Below is an example that guides you through the process of calculating a histogram to analyse the size of the filtered clusters from the previous step. To run the following command lines, create a script with the name 'testing_postprocessing_histogram.py' in the 'testing_phybers/ffclust_result/' directory, save it, and then execute.

# Import Seaborn and Matplotlib for creating the histogram:
import seaborn as sns
import matplotlib.pyplot as plt

# Import the pandas library to handle data filtering:
import pandas as pd

# Import Python's os library for directory management:
import os

# Read the Excel file into a pandas DataFrame containing the calculated metrics for FFClust clusters:
df_metrics = pd.read_excel(os.path.join('ffclust_result', 'outputs', 'metrics.xlsx'))

# Filtering the clusters with a size greater than 150 and a length in the range from 50 to 60 mm:
filter_df_metrics = df_metrics[(df_metrics['size'] >= 150) & (df_metrics['len'] >= 50) & (df_metrics['len'] <= 60)]

# Set the bin width for the histogram:
bin_width = 100

# Find the maximum and minimum values of the 'size' column in the DataFrame:
max_lens = filter_df_metrics['size'].max()
min_lens = filter_df_metrics['size'].min()

# Create bins with the specified bin width, covering the range from the minimum to maximum 'size' values:
bins = range(min_lens, max_lens + bin_width, bin_width)

# Create a histogram plot using Seaborn, specifying the data, the 'size' column, bins, and visual settings:
sns.histplot(data=filter_df_metrics, x='size', bins=bins, kde=False, edgecolor='black')

# Set the title and labels for the plot:
plt.title('Clusters with a size greater than 150 and a length ranging from 50 to 60 mm')
plt.xlabel('Sizes')
plt.ylabel('Frequency')

# Adjust x-axis tick labels with rotation, alignment, and font size:
plt.xticks(bins, rotation=45, ha='right', fontsize=8)

# Add grid lines on the y-axis with a dashed linestyle and reduced alpha (transparency):
plt.grid(axis='y', linestyle='--', alpha=0.7)

# Display the histogram plot:
plt.show()

Figure 9 displays the expected result.

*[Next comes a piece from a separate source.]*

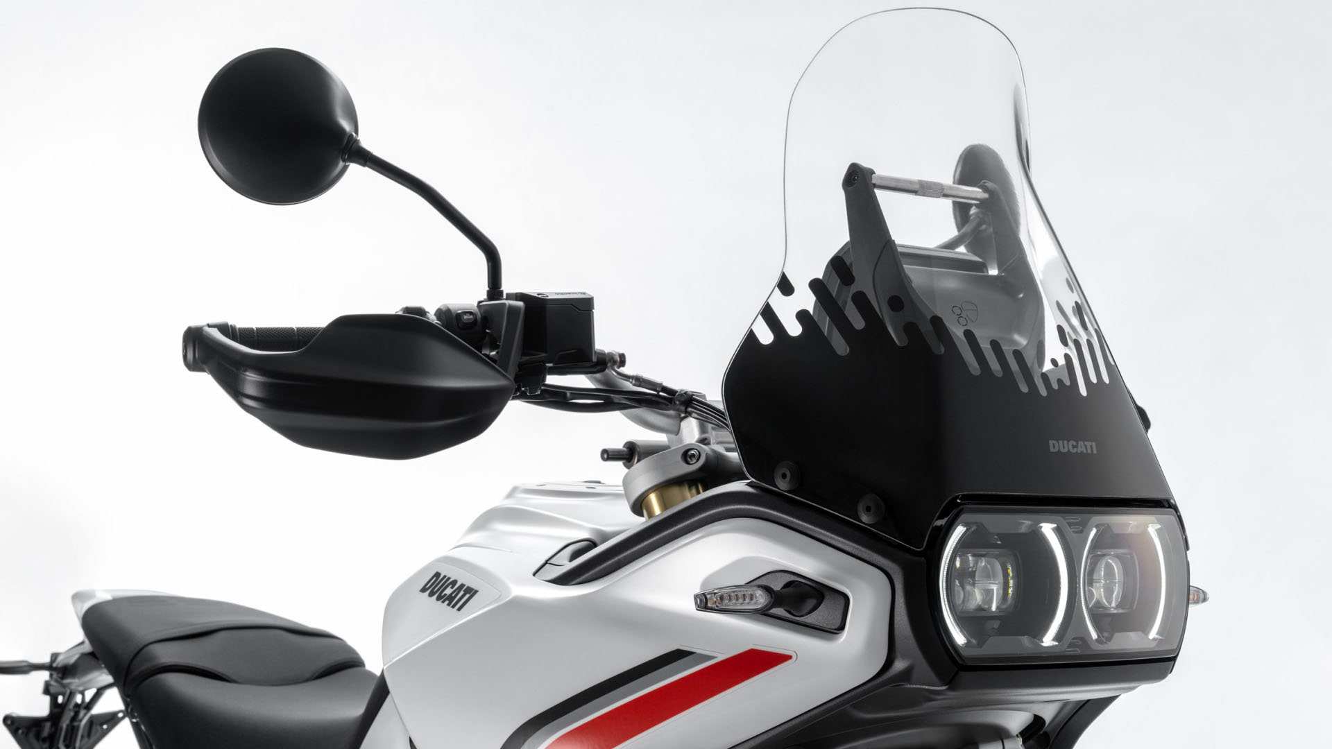 Η ζελατίνα έχει επανασχεδιαστεί για τη βέλτιστη διαχείριση της ροής του αέρα, προσφέροντας αυξημένη προστασία στον αναβάτη και τον πίνακα οργάνων. Μια λύση που καθιστά τη μοτοσυκλέτα ακόμα πιο κατάλληλη για off-road χρήση, αναδεικνύοντας ταυτόχρονα την αισθητική της ισορροπία.

It can be deduced that as the size of clusters for fibers with lengths between 50 and 60 mm increases, the number of fibers decreases.

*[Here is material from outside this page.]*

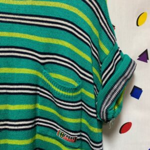 SHORT SLEEVED FUNKY KNIT STRIPED POCKET SWEATER

filter_ffclust_150s_50-60l.png

Figure 9. Histogram displaying the sizes of clusters obtained with FFClust that have a size greater than 150 and a length between 50 mm and 60 mm. On the x-axis, the cluster sizes are presented with 100-unit intervals in the range from 150 to 1750, while on the y-axis, the frequency or count of clusters is depicted according to their size.